Contributions. This paper presents a privacy-preserving query mechanism that allows an external client 
to collect readings from sensors of his interests without leaking their identities to adversaries including the 
network operator. Our scheme is based on a technique similar to onion routing [33]. However, it is necessary 
to overcome several obstacles in order to integrate onion routing with sensor networks, such as the constraints 
of computation overhead and the packet length, or the presence of multiple malicious nodes in the network. 
We analyze the security and performance of the mechanism and provide analytical results to show both its 
effectiveness and its limited overhead. 

The rest of the paper is organized as follows.

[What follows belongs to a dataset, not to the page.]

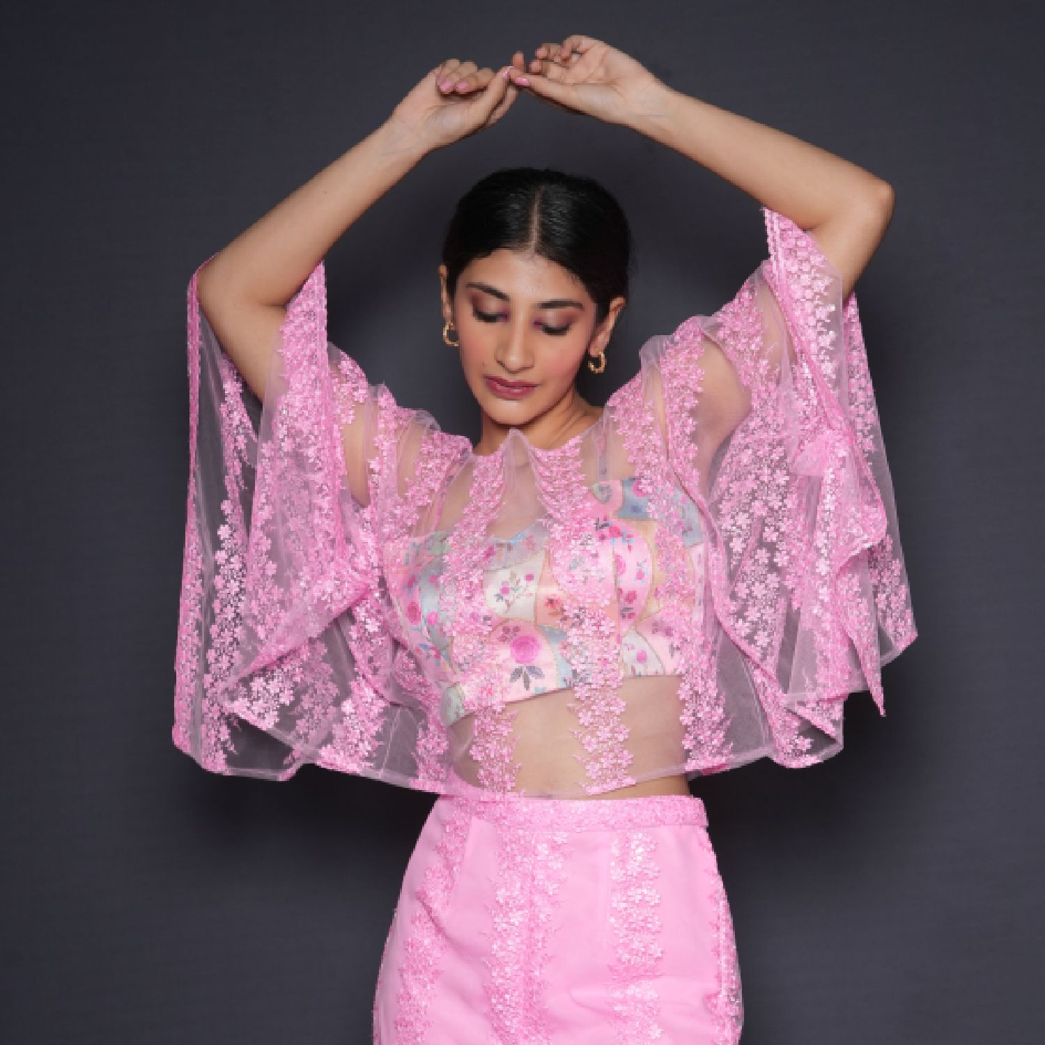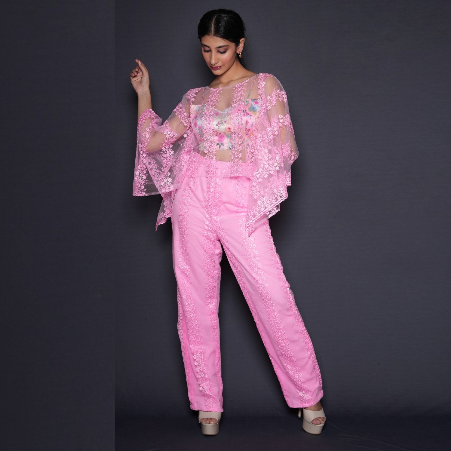 This beautiful pink set features a net cape, floral printed phantom blouse, and high-waisted pants. The short-length cape is made of net fabric and is adorned with sequin embellishments that catch the light beautifully. Pair it with statement earrings, heels, and a sling bag for weddings or festivities.

We discuss related work in the next section. Our system 
setting is described Section 3, followed by the problem definition in Section 4. Section 5 presents a new 
privacy-preserving query protocol for generic WSNs. Its security and performance are analyzed in Section 6. 
We then present two extensions in Section 7. The results are summarized in Section 8. 

2 Related Work 

Techniques for anonymous communication across untrusted networks date back to Chaum's pioneering work 
on MixNets [10]. Today's state-of-the-art is exemplified by TOR [14]. TOR is geared for low-latency syn- 
chronous communication over the Internet and is based on the so-called Onion Routing principle [33] . In this 
scheme, each router can only identify the previous and the next hop along a route. However, the sequence 
of routers must be selected and fixed at connection setup. This task is performed by a special entity (TOR 
proxy). 

Other notable prior work focused specifically on MANETs or WSNs. Secure Dynamic Distributed Routing 
(SDDR) protocol [15] uses Onion Routing to achieve route anonymity, but does not protect anonymity of 
source and destination. Anonymous On-Demand Routing (ANODR) is geared for ad hoc networks [22]; it 
supports untraceable routes or packet flows, with a roTite pseudonymity approach which decouples a node's 
location from its identity. ANODR is based on "broadcast with trapdoor information" : by embedding certain 
trapdoor information (known only to the receiver), data is delivered to the receiver but not to other members 
in the group. However, the identity of the destination is disclosed to nodes along the route and these nodes 
also gain knowledge of the number of hops from the source. Other interesting results include: SDAR [6] and 
MASK [39]. However, as pointed out in [35], all these schemes - including ANODR and SDDR - have a 
common drawback: a passive adversary monitoring all network traflic (without knowledge of any keys) can 
trace the route reply (RREP) message from destination back to the source. 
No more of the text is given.